The finding that MD breaks occur in older birds raises the interesting question if these late tumors are caused by reactivation of early infections (old infection hypothesis) or the consequence of de novo infections with more virulent strains (new infection hypothesis) (Witter, 2001). Witter and Gimeno (2006) and Ikezawa et al. (2010) infected SPF or vaccinated commercial chickens after 18 weeks of age. Although the two groups used different protocols, their findings were in general agreement. Birds not previously vaccinated or exposed to MDV remained fully susceptible to MD, while birds previously exposed to MD or vaccinated remained largely free of MD suggesting that late breaks were probably caused by reactivation thus supporting the old infection hypothesis. The problem with these studies was the inability to differentiate between the virus used to infect at a young age and the challenge virus used later in life. To further address the question what the consequences are of superinfection, Dunn et al. (2010) used Md5, a very virulent (vv)MDV, in which the pp38 gene of CVI988 was ed (Md5//38CVI). The pp38 gene of CVI988 has a single nucleotide polymorphism resulting in a difference of one amino acid with pp38 from oncogenic MDV strains. This difference can be detected by IHC and pyrosequencing. Challenge with the virulent JM strain or Md5 followed by Md5//38CVI or vice versa 2 days later resulted in a high incidence of dual infections. If the second challenge was given after 14 days the superinfection was significantly reduced but not totally eliminated. These results also suggest that the old infection hypothesis may be a more likely explanation for late breaks.

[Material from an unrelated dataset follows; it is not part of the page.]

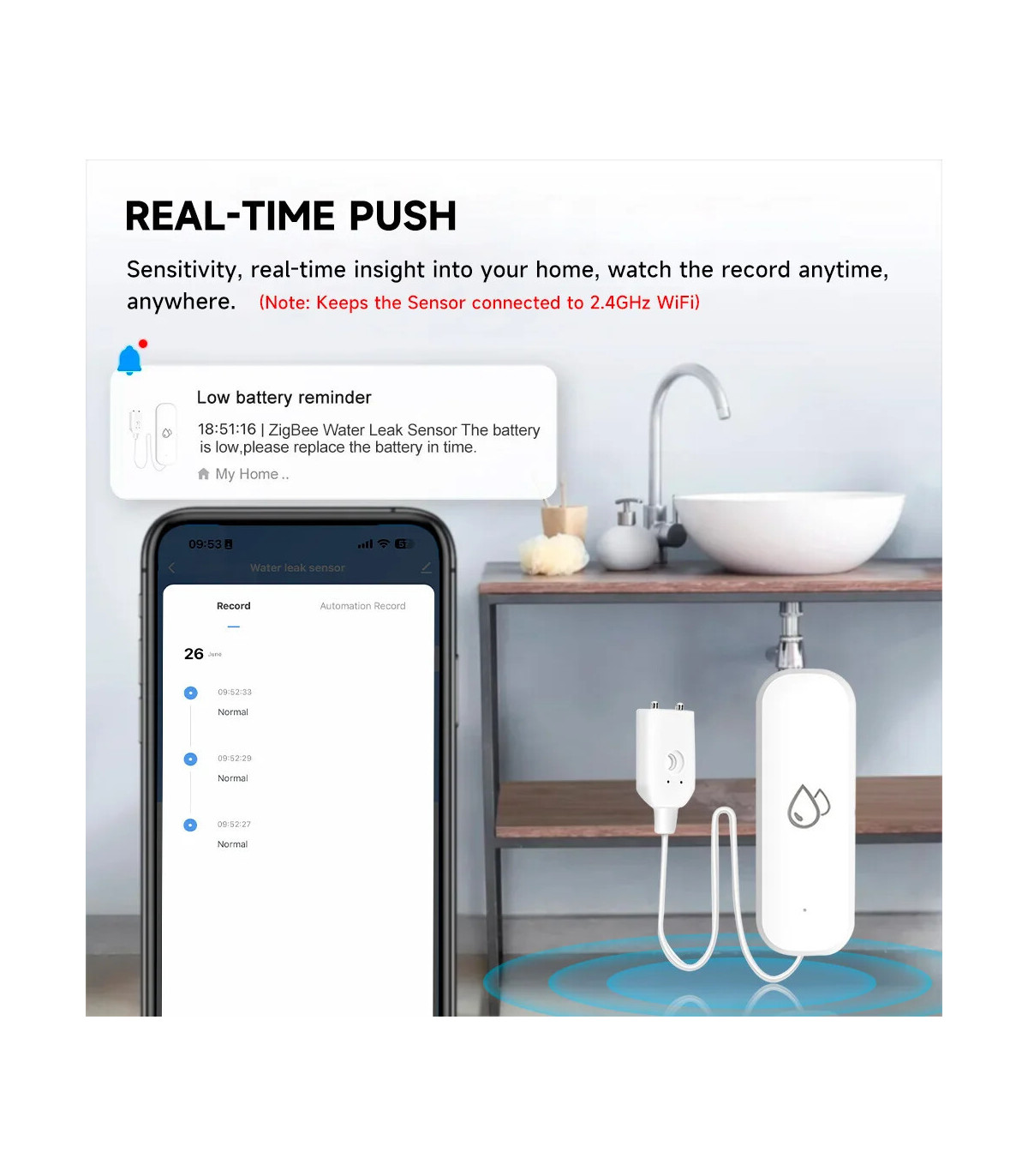 Lire la suite[Wifi 1Pz] Sensore di perdita d'acqua allarme di perdita d'acqua WiFi/ZigBee Tuya rilevatore di allarme di allagamento casa intelligente APP telecomando Protezione di sicurezza della casa intelligente

In general the current vaccines provide excellent protection against MD as is evident from the data on the current situation (Dunn, personal communication) and the extremely low condemnation rates of broilers in the USA (Agricultural Statistics Board USDA, 2011). However, breaks do occur from time to time raising the specter of a new wave of even more virulent strains than the vv+ strains reported by Witter (1997). In many instances the breaks are the consequence of industry practices especially in the broiler industry, where vaccine doses are routinely used below the recommended levels, down-time between flocks may be as short as 14 days, and litter is frequently re-used for a number of cycles (Schat and Baranowski, 2007). The negative impact of diluting MD vaccines on protective immunity was recently reemphasized in an elegant study by Gimeno et al (2011). They used qPCR to measure vaccine replication in feather pulp. Dilution of vaccines led not only to a decrease in virus levels in the feather pulp and decreased protection especially after challenge with vv+ strains of MDV, but also to lower body weights even after challenge with Md5. The decrease in body weights was especially marked in female birds. The use of re-used litter or placing new birds in insufficiently cleaned houses adds to the risks of breaks. Protection levels in HVT-vaccinated birds increased from 40% to 80% between 2 and 7 days post vaccination when exposed to MDV-containing dust, (Fakhrul Islam et al., 2008). The increase in protective immunity makes sense in view of the development of protective immunity which starts with the innate responses around 3 days post vaccination followed by acquired, cell-mediated immunity between 6 and 7 days post vaccination (Schat and Markowski-Grimsrud, 2001).

The analysis of MD breaks is often complicated and not necessarily caused by new strains with increased pathogenicity. MD breaks can be the consequence of infection with other pathogens especially chicken anemia virus (CAV), which has been linked to many MD breaks (Schat, 2004). The main reason for the impact of CAV on the development of MD is the replication of CAV in dividing cytotoxic T lymphocytes (CTL) resulting in apoptosis of the CTL and decreased cell-mediated immunity (CMI) (Markowski-Grimsrud and Schat, 2003). Recently, Haridy et al. (2009) reported severe depletion of CD8+ cells in spleen and thymus of chickens infected with MDV at one day of age and CAV at 4 weeks of age further demonstrating the impact of CAV on CMI responses to MDV.

Thus far there is limited evidence for the appearance of new more virulent MDV strains than the current vv+ strains. A deletion in the gL gene was linked to decreased protection (Tavlarides-Hontz et al., 2009), which is of interest because Markowski-Grimsrud and Schat (2002) detected CTL against gL in the resistant N2a chicken line. It is not known, however, if the mutant gL protein can be detected by CTL. Predominant field strains in China were different than CVI988 for gI, gE and meq genes. The change in gI is especially interesting because gI has been linked to protective immunity (Lee et al., 2004) and the generation of specific CTL (Markowski-Grimsrud and Schat, 2002). MDV isolated from MD breaks in Poland had ions of LTR-REV sequences and ions in the meq gene (Woźniakowski et al., 2011). None of these new strains have been evaluated for increased pathogenicity using the method outlined by Witter et al (2005) and is therefore not clear if these strains are indeed more pathogenic.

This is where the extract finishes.